Mit dem Klischee, dass Chorgesang nur etwas für alternde Sangesbrüder und -schwestern sei, räumte der Kreisjugendchor Main-Spessart unter Leitung von Michael Albert am Sonntagabend in der Alten Turnhalle gründlich auf. Die Zeitreise der 21 jungen Damen und Herren quer durch die Chormusikgeschichte war so abwechslungsreich und begeisternd, dass die 150 Mitreisenden zum Schluss stehend applaudierten.
Es hat sich mittlerweile herumgesprochen, dass mit dem jungen Ensemble, das zum MGV Liederkranz Langenprozelten gehört, ein kulturelles Aushängeschild für den Landkreis und ein Werbeträger für den Chorgesang herangewachsen ist. Der Kulturpreis des Landkreises vor drei Jahren, die gefeierten Auftritte in der Region und die erfolgreiche Konzertreise nach Finnland im vergangenen Jahr sind die dazu passenden Ausrufezeichen.
Klassisch und modern
Während im ersten Teil des Konzerts Werke von der Renaissance bis zur Romantik erklangen, war der zweite Teil moderneren Stilrichtungen gewidmet. Dabei kam auch der einfühlsam begleitende Pianist Robert Werner öfter zum Einsatz. Angenehm für die Zuhörer, dass jeweils ein Chormitglied Hintergrundwissen vermittelte und gegebenenfalls Texte übersetzte.

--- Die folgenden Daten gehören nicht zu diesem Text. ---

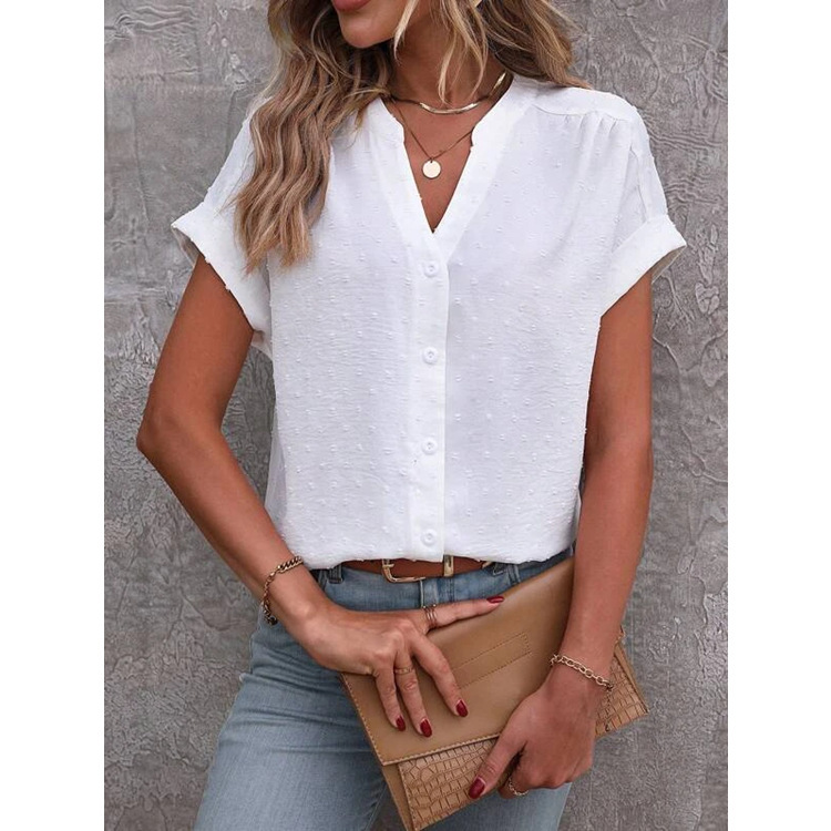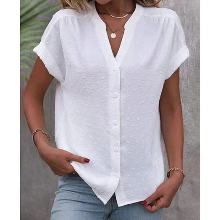 2025 夏の新スタイル AliExpress Amazon 独立したステーションヨーロッパとアメリカの無地ジャカード V ネックボタン女性のシャツ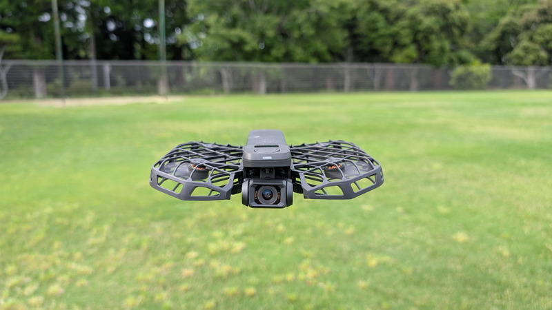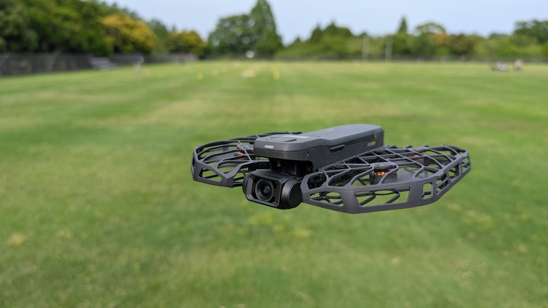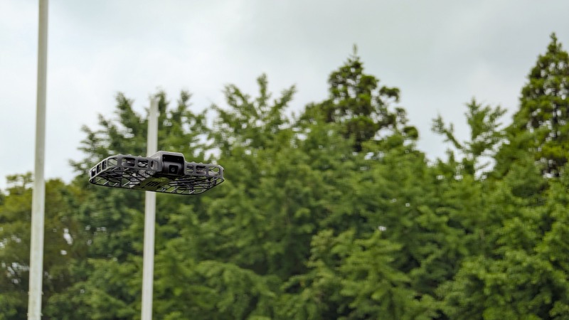 Smartが飛行する様子。軽量なドローンのため、航空法に該当しないという利点があるものの、屋外では風にやや影響される。多少の風であれば、映像はブレることなく録画できる。

Mit dem im 15. Jahrhundert komponierten Kyrie von Johann Ockeghem, wie viele der geistigen Lieder a capella gesungen, und dem aus der gleichen Epoche stammenden vierstimmigen Abschieds- und Trauerlied „Innsbruck, ich muss dich lassen“ von Heinrich Isaac eröffneten die Sänger das Konzert. Werke von Orlando de Lasso, Daniel Friederici und Heinrich Schütz, denen oft Texte aus Psalmen zugrunde lagen, folgten im Programm.
Mit dem bekannten „Nun ruhen alle Wälder“ markierten die Sänger vor der Pause einen der Höhepunkte des Abends. Mächtig, mit großer Klangfülle und beeindruckender Sicherheit auch bei den hohen Sopranstimmen, interpretierten sie das Kirchenlied nach dem gleichnamigen Choral von Johann Sebastian Bach. Heimat, Natur und Wald waren vor allem in der Romantik wiederkehrende Themen, wie bei Mendelssohn-Bartholdys „Abschied vom Walde“ oder „In stiller Nacht“ von Johannes Brahms.
Mit den unvergessenen, Anfang der 1930er Jahre international bekannten Comedian Harmonists, startete die Reise bei „Wochenend' und Sonnenschein“ in den zweiten Teil. Anschließend spannte der Chor den Bogen von dem durch die Nazidiktatur wegen ihrer drei „nichtarischen“ Mitgliedern aufgelösten sechsköpfigen Berliner Vokalensemble hin zum mit Klarinetten begleiteten jiddischen Friedenslied „Schpilsche mir a Lidele“.
Nach den Volksweisen „Kein schöner Land“ und „Die Gedanken sind frei“ gab es auch experimentelle Klänge zu hören, wie der scheinbar ungeordnet im Stakkato angelegte Sprechgesang von John Cage im Titel „Story“ oder in „Solfeggio“, einer durch das Aneinanderreihen von Vokalen entstehenden minimalistischen Musik des zeitgenössischen Komponisten Arvo Pärt aus Estland.
Abba und Spirituelles
Es folgten Ohrwürmer aus der Rock- und Popwelt, zu denen „Only you“ von den Flying Pickets zählt, „Money Money“ von Abba und das mit origineller Choreografie vorgetragene „The Lion sleeps tonight“, bekannt aus dem Musical „König der Löwen“.
Das spirituell anmutende und zum Nachdenken über den Weg zu einem glücklichen Leben anregende „The Rhythm of Life“ und ein Abendlied als Zugabe bildeten den Schlusspunkt eines Chorkonzerts der Extraklasse.